- _Data block_
_____
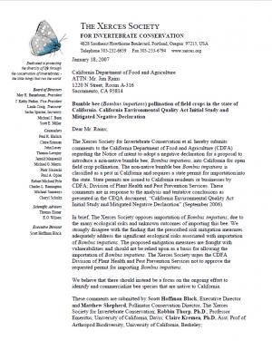 The Xerces Society for Invertebrate Conservation et al. hereby submits comments to the California Department of Food and Agriculture (CDFA) regarding the Notice of intent to adopt a negative declaration for a proposal to introduce a non-native bumble bee, Bombus impatiens, into California for open field crop pollination. The non-native bumble bee Bombus impatiens is classified as a pest in California and requires a state permit for importation into the state. State permits are issued to California residents or businesses by CDFA; Division of Plant Health and Pest Prevention Services. These comments are in response to the analysis and tentative conclusions as presented in the CEQA document, “California Environmental Quality Act Initial Study and Mitigated Negative Declaration” (September 2006).
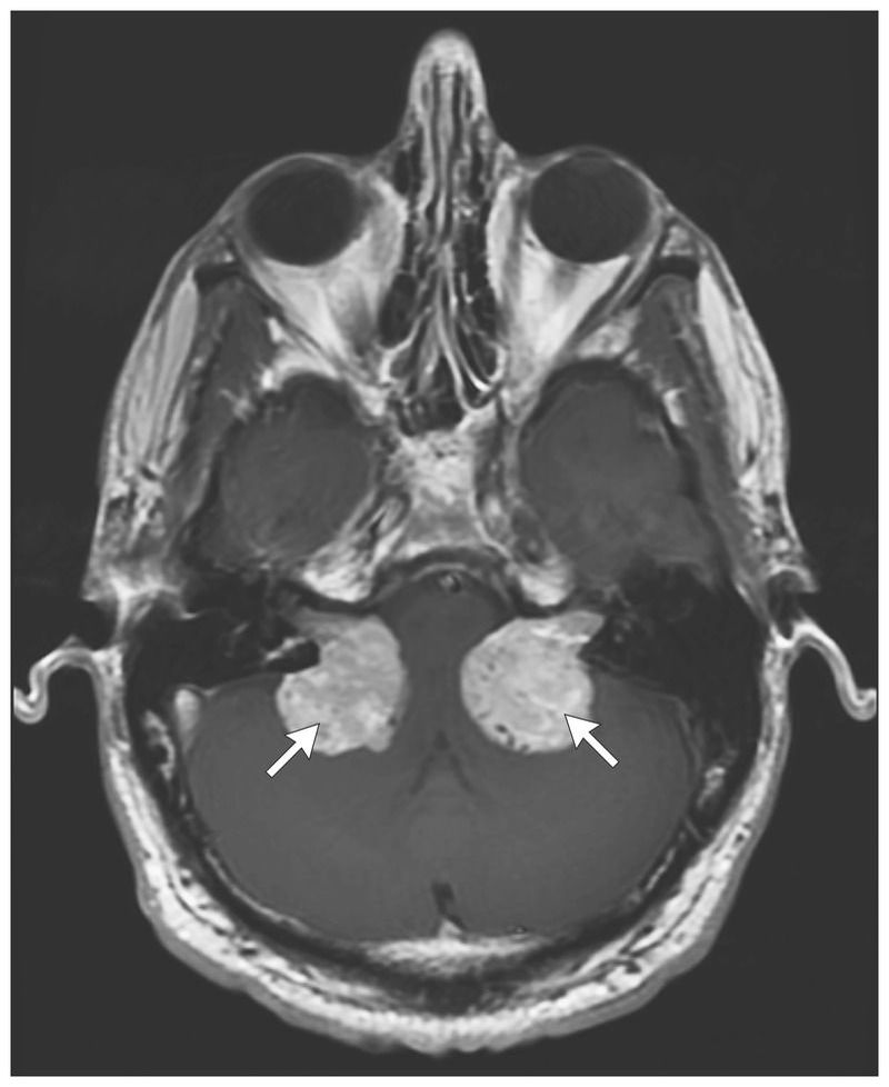 A 32-year-old man presented to the neurosurgery clinic with mild balance difficulties and hearing loss in the left ear. He had a family history of neurofibromatosis type 2 and a diagnosis of tumors in the right and left internal acoustic canals. He had not previously had symptoms related to the tumors (e.g., hearing loss or imbalance) and had been undergoing surveillance imaging of the brain since he was 16 years of age. Evaluation of the patient’s hearing revealed profound sensorineural loss on the left side and normal hearing on the right side. Magnetic resonance imaging of the brain performed after the administration of contrast material revealed tumors in both internal acoustic canals (33 by 26 by 31 mm on the left side and 32 by 28 by 30 mm on the right side), with extension in the cerebellopontine angles, and severe brain-stem compression. Bilateral vestibular schwannomas are a hallmark of neurofibromatosis type 2. In affected persons, there may be development of schwannomas on other cranial and peripheral nerves, meningiomas, ependymomas, and astrocytomas. Patients may have a parent affected with neurofibromatosis type 2, which is caused by mutations in NF2. These abnormalities are inherited in an autosomal-dominant manner, although de novo mutations may also occur. In this patient, left subtotal resection and stereotactic radiosurgical treatment of the left tumor were performed. Within 5 years and 11 months after initial presentation, the profound hearing loss in the left ear persisted, but the difficulties with balance had resolved. The patient continues to have annual hearing tests and MRI of the brain and has had no new symptoms at follow-up.
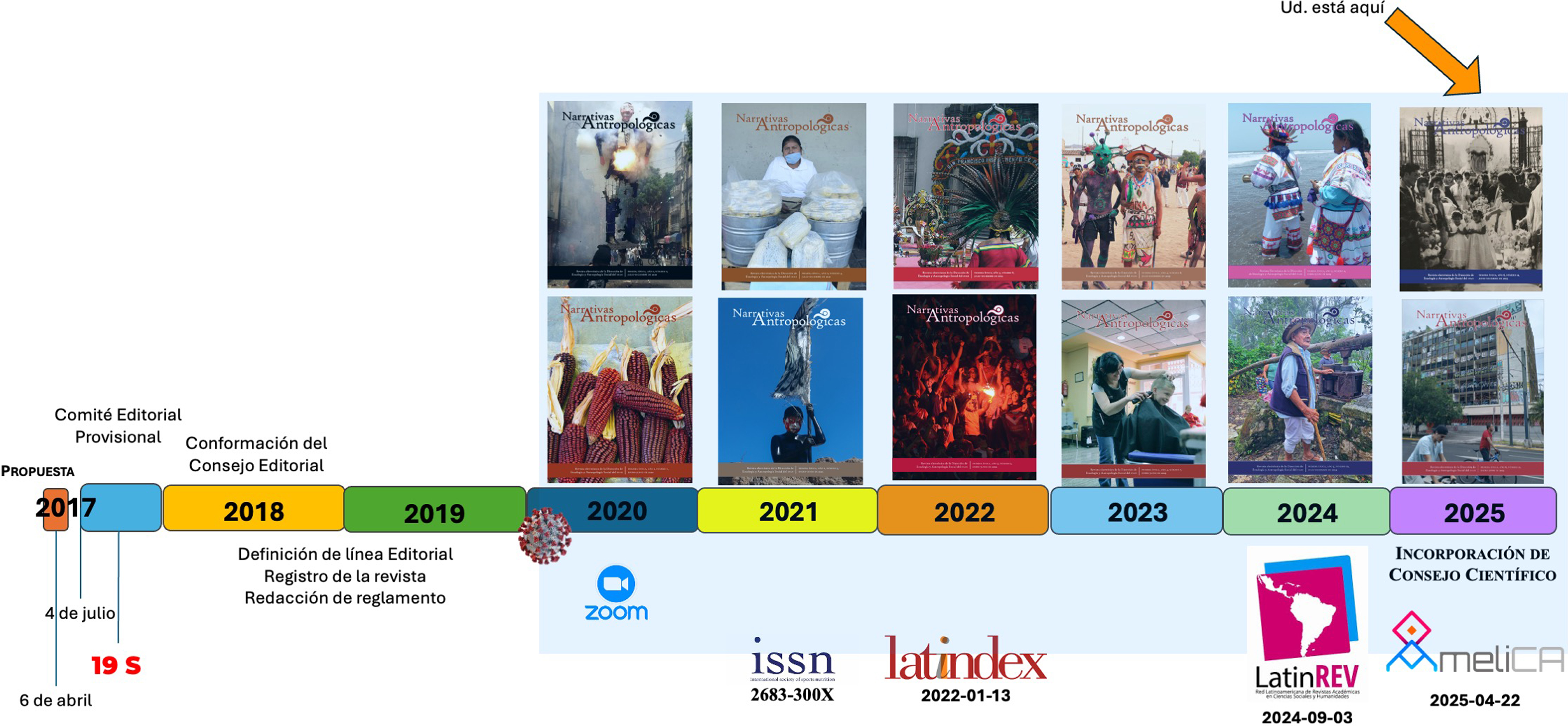 Es importante mencionar que la revista se propuso durante la gestión de la Mtra. Amparo Sevilla Villalobos como directora de la deas; ella brindó todo su apoyo durante el proceso. Los trabajos iniciaron el 4 de julio de 2017, con el comité editorial provisional, que posteriormente se conformó como Consejo Editorial, integrado por los colegas de la deas: Alfonso Barquín Cendejas, Amparo Sevilla Villalobos, Eliana Acosta Márquez, Giovanna Gasparello, José Iñigo Aguilar Medina, Laura Elena Corona de la Peña y Verónica Ruiz Lagier.
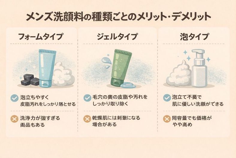 メンズ洗顔料の種類ごとのメリット・デメリット
_____
- _Task objective_
Your reply should be the full data above, copied exactly, with no pictures in it.

- _Problem solution_
 The Xerces Society for Invertebrate Conservation et al. hereby submits comments to the California Department of Food and Agriculture (CDFA) regarding the Notice of intent to adopt a negative declaration for a proposal to introduce a non-native bumble bee, Bombus impatiens, into California for open field crop pollination. The non-native bumble bee Bombus impatiens is classified as a pest in California and requires a state permit for importation into the state. State permits are issued to California residents or businesses by CDFA; Division of Plant Health and Pest Prevention Services. These comments are in response to the analysis and tentative conclusions as presented in the CEQA document, “California Environmental Quality Act Initial Study and Mitigated Negative Declaration” (September 2006).
 A 32-year-old man presented to the neurosurgery clinic with mild balance difficulties and hearing loss in the left ear. He had a family history of neurofibromatosis type 2 and a diagnosis of tumors in the right and left internal acoustic canals. He had not previously had symptoms related to the tumors (e.g., hearing loss or imbalance) and had been undergoing surveillance imaging of the brain since he was 16 years of age. Evaluation of the patient’s hearing revealed profound sensorineural loss on the left side and normal hearing on the right side. Magnetic resonance imaging of the brain performed after the administration of contrast material revealed tumors in both internal acoustic canals (33 by 26 by 31 mm on the left side and 32 by 28 by 30 mm on the right side), with extension in the cerebellopontine angles, and severe brain-stem compression. Bilateral vestibular schwannomas are a hallmark of neurofibromatosis type 2. In affected persons, there may be development of schwannomas on other cranial and peripheral nerves, meningiomas, ependymomas, and astrocytomas. Patients may have a parent affected with neurofibromatosis type 2, which is caused by mutations in NF2. These abnormalities are inherited in an autosomal-dominant manner, although de novo mutations may also occur. In this patient, left subtotal resection and stereotactic radiosurgical treatment of the left tumor were performed. Within 5 years and 11 months after initial presentation, the profound hearing loss in the left ear persisted, but the difficulties with balance had resolved. The patient continues to have annual hearing tests and MRI of the brain and has had no new symptoms at follow-up.
 Es importante mencionar que la revista se propuso durante la gestión de la Mtra. Amparo Sevilla Villalobos como directora de la deas; ella brindó todo su apoyo durante el proceso. Los trabajos iniciaron el 4 de julio de 2017, con el comité editorial provisional, que posteriormente se conformó como Consejo Editorial, integrado por los colegas de la deas: Alfonso Barquín Cendejas, Amparo Sevilla Villalobos, Eliana Acosta Márquez, Giovanna Gasparello, José Iñigo Aguilar Medina, Laura Elena Corona de la Peña y Verónica Ruiz Lagier.
 メンズ洗顔料の種類ごとのメリット・デメリット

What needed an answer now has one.